Organizational Conflicts of Interest (“OCI”) has been a “hot topic” in government contracts ever since new DoD OCI regulations for Major Defense Acquisition Programs were published in December of 2010. While the final regulations were far narrower than anticipated, the original scope of revisions contemplated troubled many Government contractors which considered the proposed revisions a harbinger of things to come. And they were correct. In April 2011, the FAR Council published proposed revisions to the FAR’s OCI provisions which are similar in scope to the broad and extensive revisions initially contemplated by DoD.
In addition to these regulatory developments in the world of OCIs, the Government Accountability Office has issued a number of significant OCI decisions in the last couple of years. OCI now is a popular protest count and an even a more popular lightening rod of discontent for federal contractors. With the contraction of the industry, many contractors are convinced that some larger federal contractors have unfair competitive advantages in important procurements.
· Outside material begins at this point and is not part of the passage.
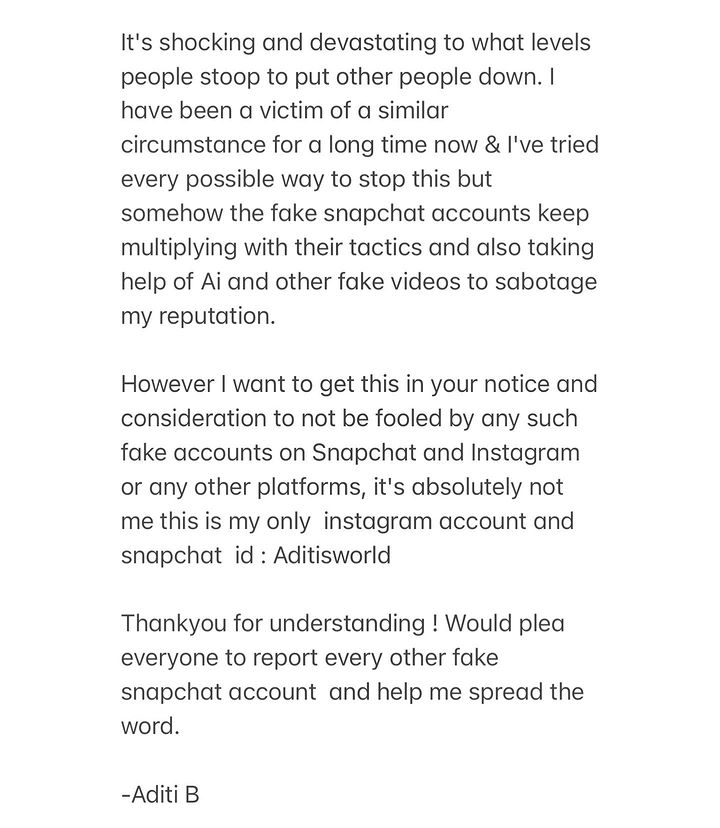 अदितीले लेखेकी छिन्, ‘अरु मानिसहरूलाई खसाल्न केही मान्छेहरूले गरेको प्रयास देख्दा मलाई निकै दुख लागेको छ । लामो समयदेखि मैले यस्तो हर्कत र प्रयासको सामना गरिरहेको छु । मैले यसलाई रोक्ने प्रयास पनि गरिरहेकी छु । नक्कली स्न्यापच्याट आइडीबाट यस्तो काम भइरहेको छ । साथै, एआई र अरू गलत भिडियोको माध्यमबाट मेरो चरित्र हत्या गर्ने काम भइरहेको छ ।’पछिल्लो समय कृत्रिम बौद्धिकता (एआई)को प्रयोग गरेर बनाइएका भिडियो र तस्वीर सेयर गर्ने क्रम बढेको छ । यसको मारमा नाम चलेका बलिउड अभिनेत्रीहरु रश्मिका मन्दाना, आलिया भट्ट र काजोल एआईद्वारा निर्मित डीप–फेक भिडियोको सिकार बनिसकेका छन् ।

It is against this backdrop that the GAO issued an interesting OCI protest decision at the end of 2011. The case is VSE Corporation, B-404833.4 (November 21, 2011). In my opinion, the decision is interesting because of two things: (1) the decision focuses on the “appearance of impropriety” of VSE’s consulting relationship with a former Government employee and (2) the decision addresses OCI in the context of the government’s post-employment regulations. In this blog post, I discuss the first point.
Here are the facts (abridged). The decision concerns an Army procurement for “alternative staffing.” The incumbent is CACI. In mid 2010, the Army plans to resolict the contract. The Deputy Program Manager at that time participates in a number of acquisition planning meetings regarding the procurement. He also participates in a board meeting determining the award fee owed CACI, the incumbent. Later in the year, the DPM reviews and comments on the draft SOW. In December he resigns, but his official termination date is January 31, 2011. On February 4, 2011, he signs a consulting agreement with VSE, which intends to submit a proposal in response to the new solicitation for the Army’s alternative staffing contract. The former DPM advises VSE with regard to its proposal. VSE is awarded the contract, but the Contracting Officer ultimately decides to terminate the contract award because she believes VSE’s consulting arrangement with the Army’s former DPM creates “an appearance of impropriety.”
Most federal contractors are aware of the OCI regulations and restrictions. Per FAR Part 9, an OCI exists where certain factors create “an actual or potential conflict of interest” on an existing contract or when the nature of the work performed on an existing contract creates “an actual or potential conflict” on a future acquisition. FAR 9.502(c). The FAR expresses a policy of avoiding, neutralizing or mitigating actual or potential OCIs because of two underlying principles: (1) preventing the existence of conflicting roles for contractor that might bias its judgment in performing a contract and (2) preventing a contractor from having an unfair competitive advantage – for example, when the contractor may have had unequal access to proprietary information or source selection information. FAR 9.505.
Many contractors, however, are not aware that a mere “appearance of impropriety” can endanger a proposal or a contractor’s chance of contract award, with good reason. The term or phrase “appearance of impropriety” does not appear in FAR Part 9. Instead, the concept appears in FAR Part 3, which addresses Improper Business Practices and Personal Conflicts of Interests (emphasis added by me). Specifically, FAR 3.101-1, discussing Standards of Conduct for Government employees, states that “The general rule is to avoid strictly any conflict of interest or even the appearance of a conflict of interest in Government-contractor relationships.” This provision, however, addresses standards of conduct for Government employees, whereas FAR Part 9 addresses the conduct of contractors. Notwithstanding this distinction, the GAO has linked FAR Part 3 and FAR Part 9 by holding in prior cases that, where a firm gains an unfair competitive advantage through its hiring of a former government official, the firm may be disqualified from the competition based upon the “appearance of impropriety” this relationship can create. In a footnote to the VSE decision, the GAO explains that a contractor’s hiring of a former government employee is “virtually indistinguishable” from the considerations that arise in a situation where a contract awardee has gained an unfair competitive advantage in a procurement from its unequal access to proprietary or source selection information. See Health Net Fed. Servs., LLC, B-401652.3 and .5, Nov. 4, 2009.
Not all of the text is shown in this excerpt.